- Exercise directions -
Your task is to reproduce, verbatim and without pictures, the lines from the opening of the listing through the line containing "1girl, bangs, black".

*** Begin section ***

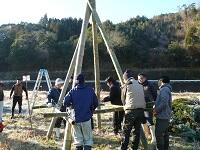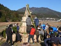 1月14日(日)に、師走祭りの迎え火に使うやぐら作りを行いました。PTA役員の皆さんに材料等の準備していただきました。
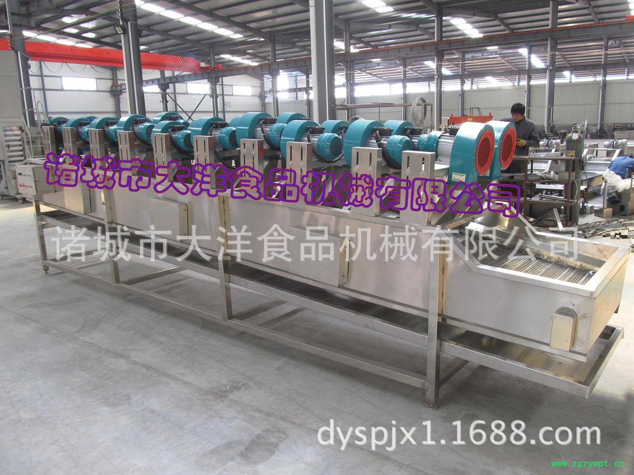 诸城市大洋牌全自动风干线适用于蔬菜制品等软包装产品灭菌后的除水工作,亦适用于蔬菜清洗后表面水的去除。通过多次翻身沥水,及上部高压强冷风吹,使软包装完全达到表面水珠吹干的效果(袋面皱纹间的存水也能干)。大洋食品风干机与杀菌机相连并速度同步。
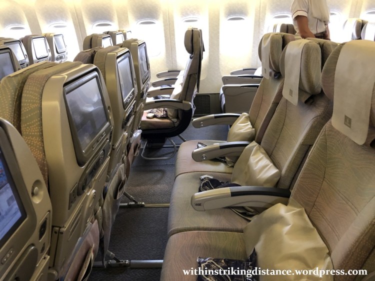 Reasonably comfortable, with adjustable head pillows and sufficient recline. Legroom and width were adequate for my needs, though I should point out that I’m not a particularly tall or wide fellow. If memory serves, the armrests could be fully raised, which might be relevant for those sitting in otherwise empty rows who’d like to spread out a bit. (That said, I’m not certain if the cabin crew would permit passengers to stretch themselves across multiple seats, especially with the occasional risk of turbulence.)
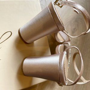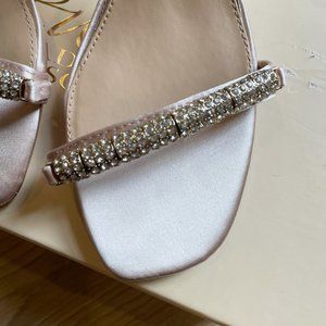 Colour : champagne (the colour of the fabric is somewhere in between light pink and light gold). The stone decoration is somewhere between gold and silver but looks a bit more silver to me.
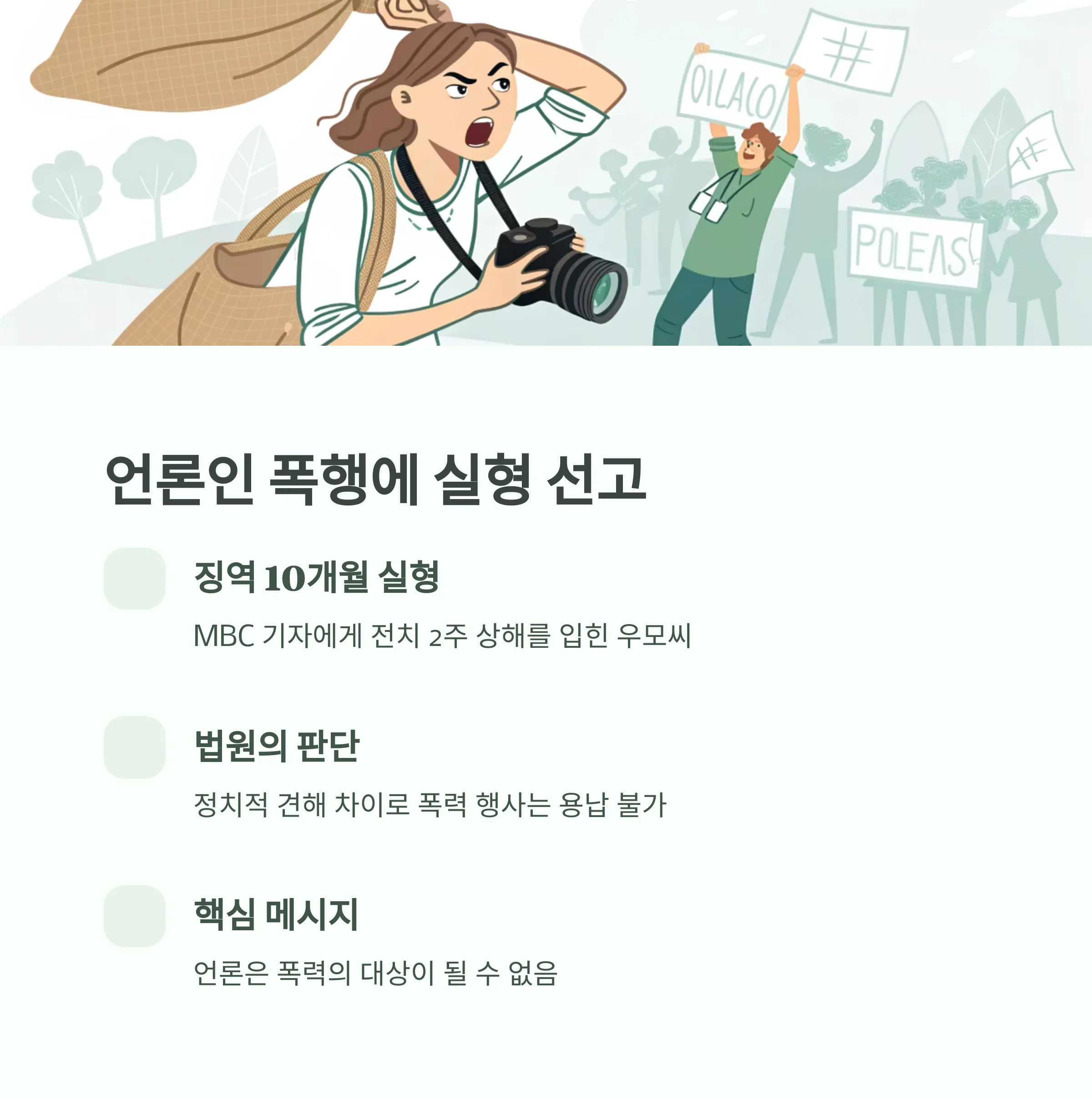 재판부는 "정치적 견해 차이를 이유로 폭력을 휘두른 행위는 결코 용납할 수 없다"고 명확히 밝혔습니다.
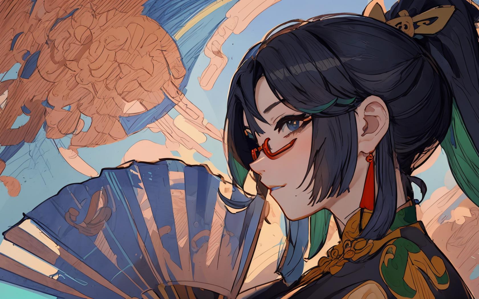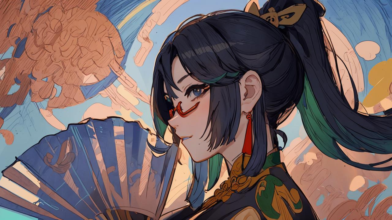 1girl, bangs, black hair, blue eyes, chinese clothes, earrings, from side, glasses, green hair, hair ornament, hand fan, holding, holding fan , jewelry, long hair, looking at viewer, mole, mole under mouth, multicolored hair, parted lips, ponytail, red-framed eyewear, semi-rimless eyewear, solo, under-rim eyewear
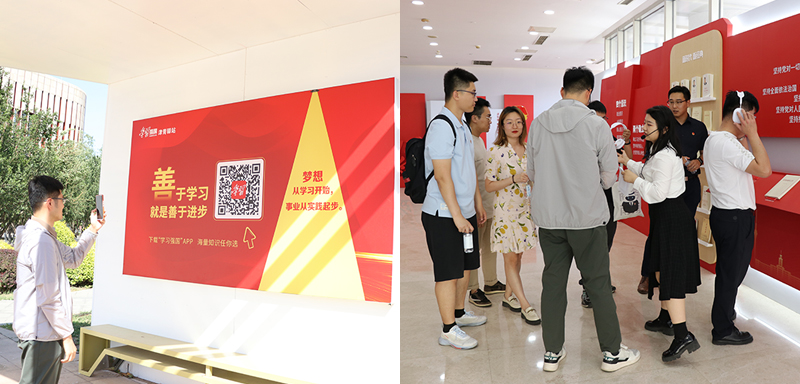 在天津團(tuán)市委宣傳部有關(guān)領(lǐng)導(dǎo)的帶領(lǐng)下,團(tuán)員青年們?cè)谑覂?nèi)體驗(yàn)區(qū)和室外體驗(yàn)區(qū)沉浸式學(xué)習(xí)互動(dòng),實(shí)現(xiàn)了從“云端”學(xué)習(xí)到線(xiàn)下體驗(yàn)的延伸,參觀了學(xué)習(xí)展示、領(lǐng)學(xué)互動(dòng)、“紅色家書(shū)”互動(dòng)墻、“中國(guó)式現(xiàn)代化”隧道、青年打卡以及戶(hù)外學(xué)習(xí)園地等展區(qū),體驗(yàn)現(xiàn)代科技與“讀原著、學(xué)原文、悟原理”有機(jī)結(jié)合的多元化學(xué)習(xí)形態(tài)。
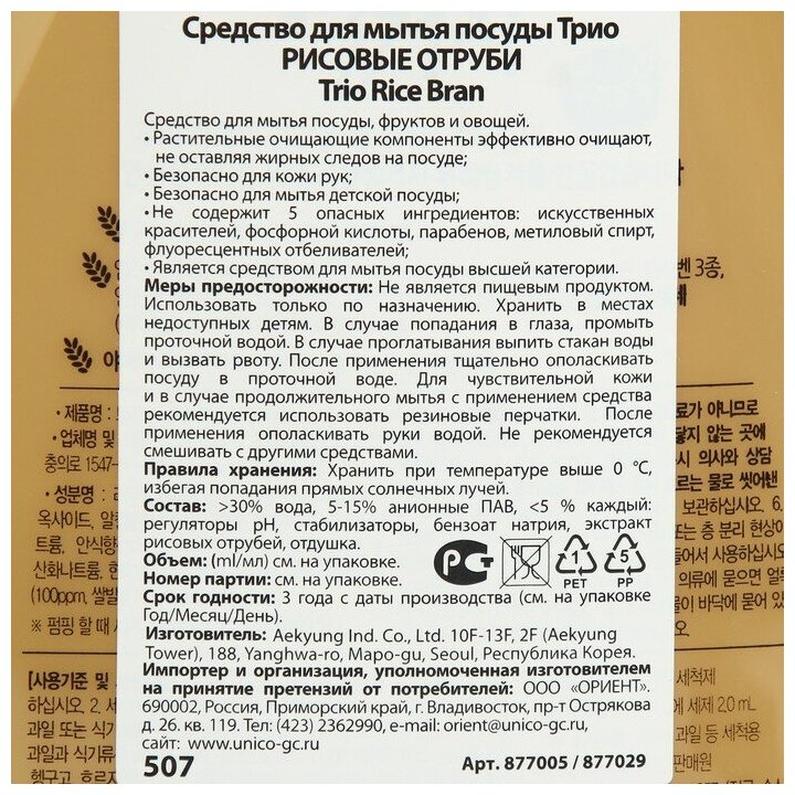 Средство для мытья посуды трио, рисовые отруби, 750 мл
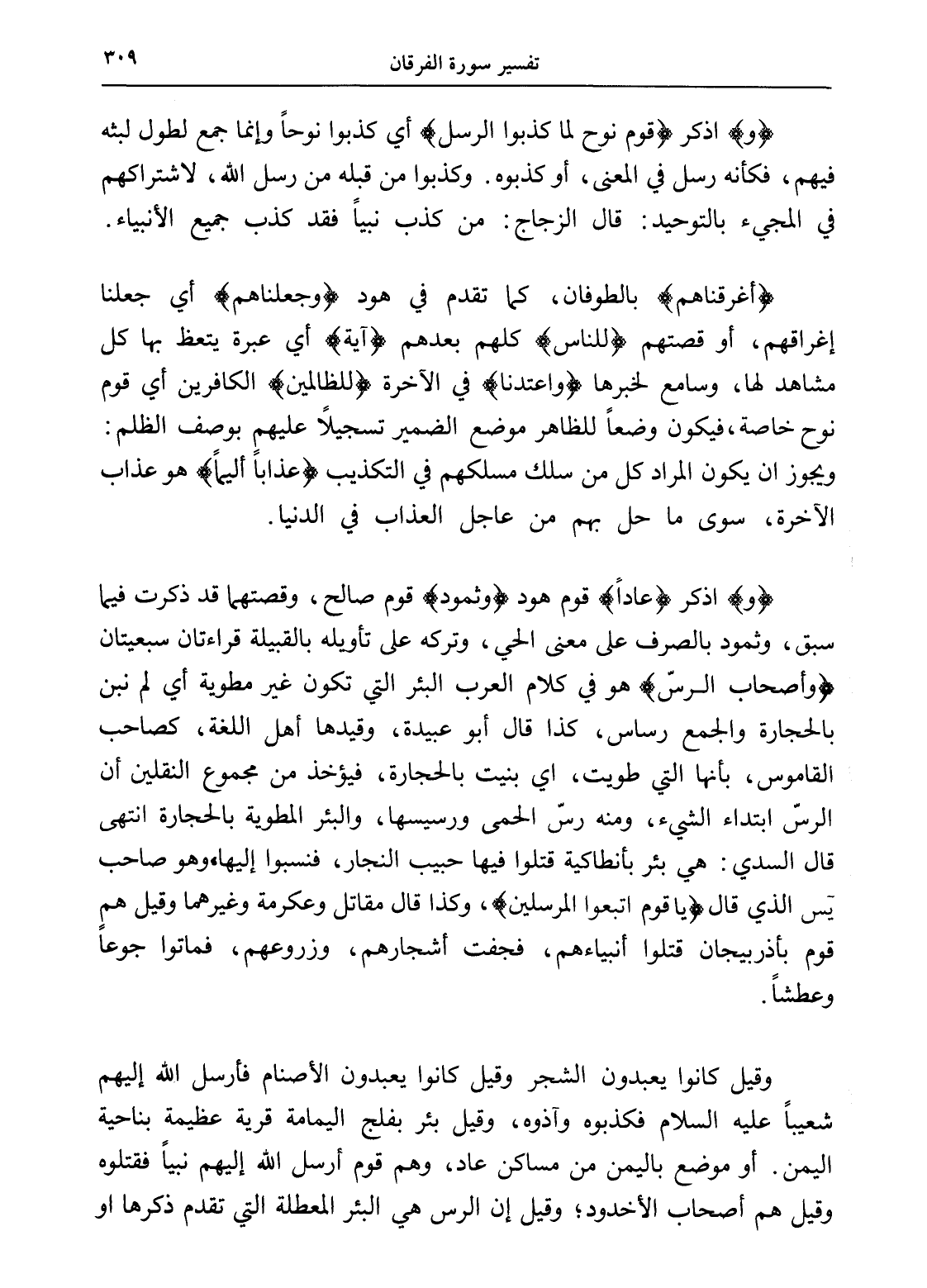 (و) اذكر (عاداً) قوم هود (وثمود) قوم صالح، وقصتهما قد ذكرت فيما سبق، وثمود بالصرف على معنى الحي، وتركه على تأويله بالقبيلة قراءتان سبعيتان (وأصحاب الرسّ) هو في كلام العرب البئر التي تكون غير مطوية أي لم نبن بالحجارة والجمع رساس، كذا قال أبو عبيدة، وقيدها أهل اللغة، كصاحب القاموس، بأنها التي طويت، أي بنيت بالحجارة، فيؤخذ من مجموع النقلين أن الرسّ ابتداء الشيء، ومنه رسّ الحمى ورسيسها، والبئر المطوية بالحجارة انتهى قال السدي: هي بئر بأنطاكية قتلوا فيها حبيب النجار، فنسبوا إليها، وهو صاحب يس الذي قال (يا قوم اتبعوا المرسلين)، وكذا قال مقاتل وعكرمة وغيرهما وقيل هم قوم بأذربيجان قتلوا أنبياءهم، فجفت أشجارهم، وزروعهم، فماتوا جوعاً وعطشاً.
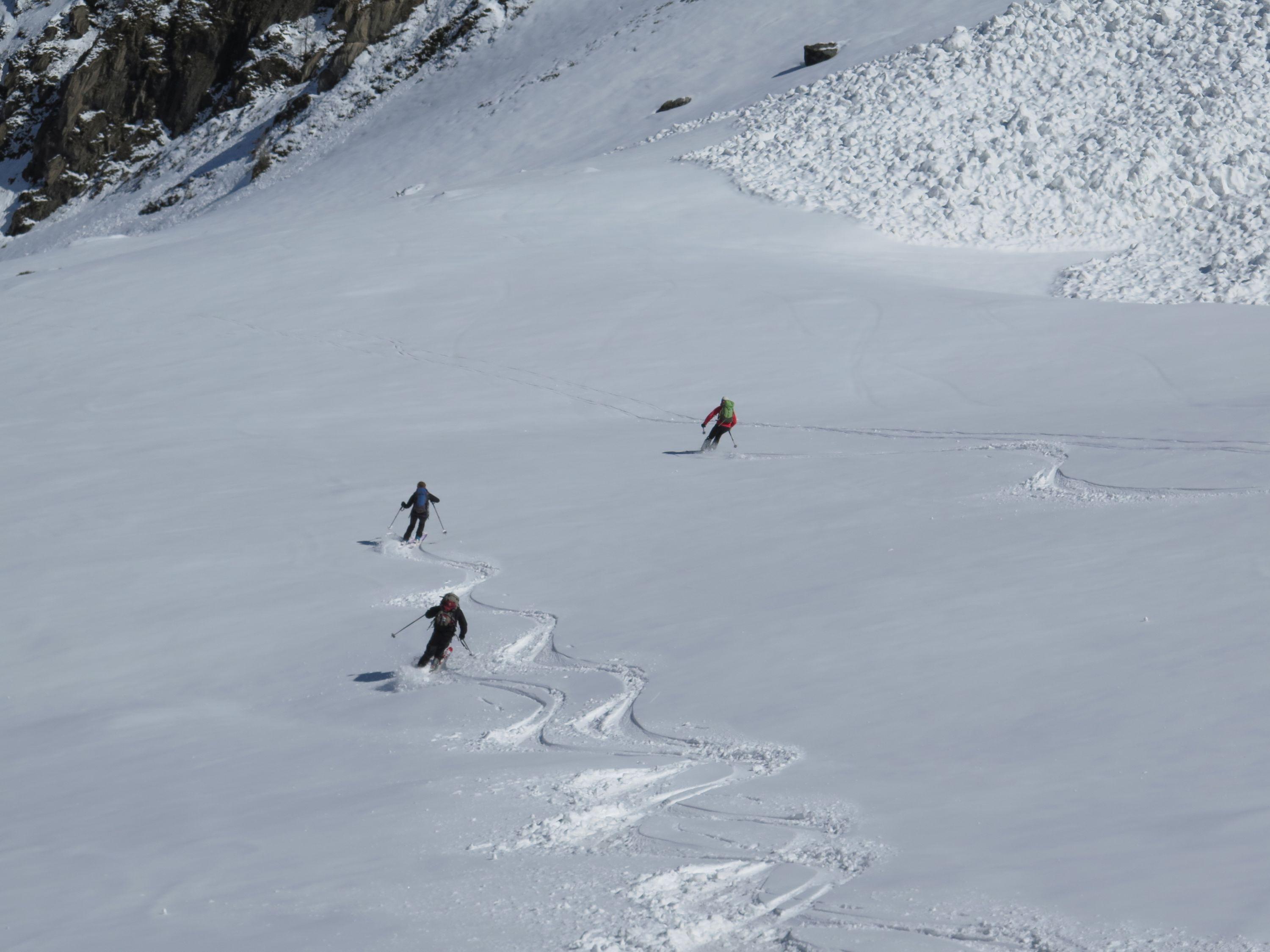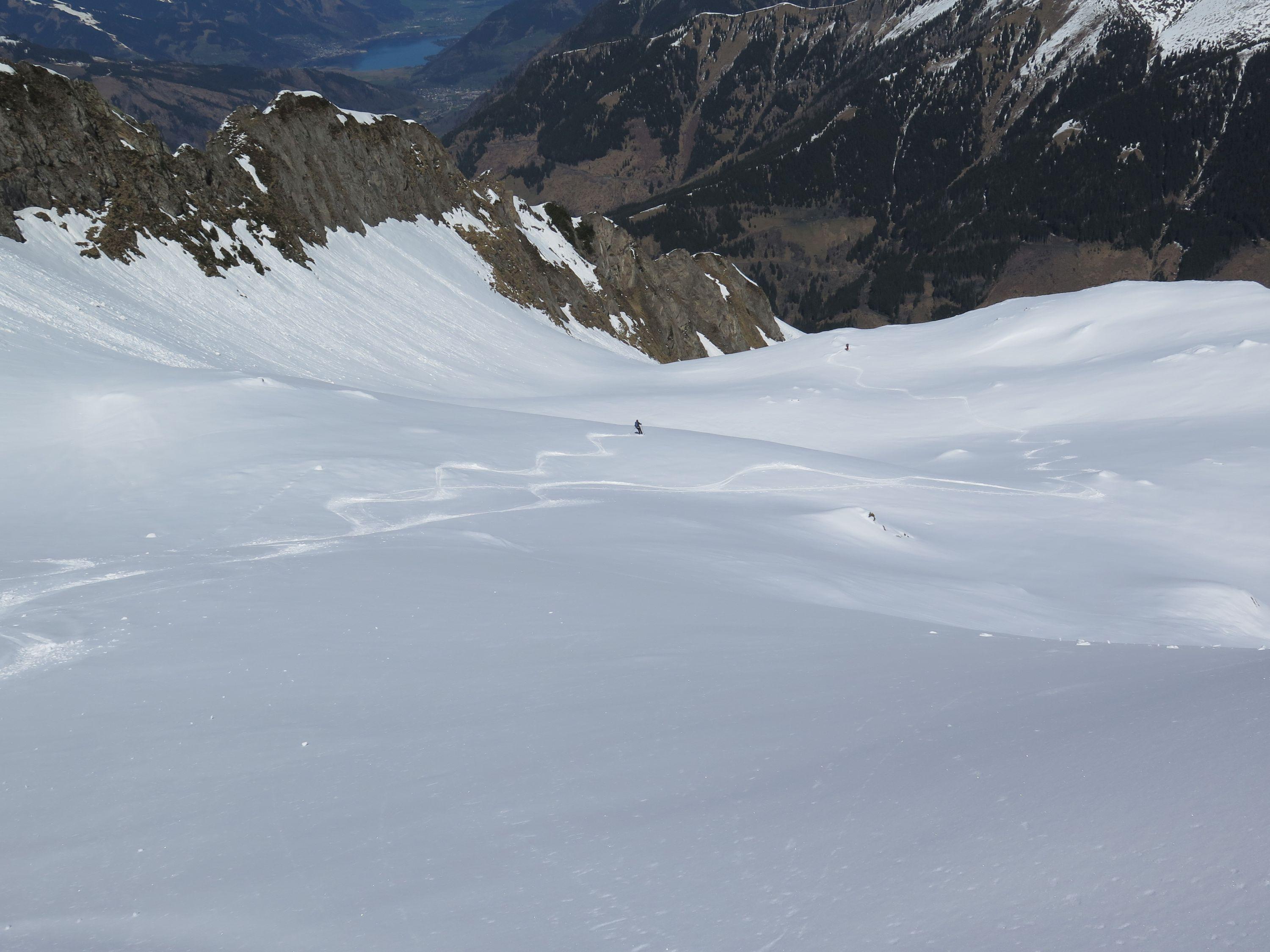 Abfahrtsverhältnisse : Firn, im mittelteil brechender Harschdeckel,letztes Stück sumpfig

*** End section ***

- Worked solution -
 1月14日(日)に、師走祭りの迎え火に使うやぐら作りを行いました。PTA役員の皆さんに材料等の準備していただきました。
 诸城市大洋牌全自动风干线适用于蔬菜制品等软包装产品灭菌后的除水工作,亦适用于蔬菜清洗后表面水的去除。通过多次翻身沥水,及上部高压强冷风吹,使软包装完全达到表面水珠吹干的效果(袋面皱纹间的存水也能干)。大洋食品风干机与杀菌机相连并速度同步。
 Reasonably comfortable, with adjustable head pillows and sufficient recline. Legroom and width were adequate for my needs, though I should point out that I’m not a particularly tall or wide fellow. If memory serves, the armrests could be fully raised, which might be relevant for those sitting in otherwise empty rows who’d like to spread out a bit. (That said, I’m not certain if the cabin crew would permit passengers to stretch themselves across multiple seats, especially with the occasional risk of turbulence.)
 Colour : champagne (the colour of the fabric is somewhere in between light pink and light gold). The stone decoration is somewhere between gold and silver but looks a bit more silver to me.
 재판부는 "정치적 견해 차이를 이유로 폭력을 휘두른 행위는 결코 용납할 수 없다"고 명확히 밝혔습니다.
 1girl, bangs, black hair, blue eyes, chinese clothes, earrings, from side, glasses, green hair, hair ornament, hand fan, holding, holding fan , jewelry, long hair, looking at viewer, mole, mole under mouth, multicolored hair, parted lips, ponytail, red-framed eyewear, semi-rimless eyewear, solo, under-rim eyewear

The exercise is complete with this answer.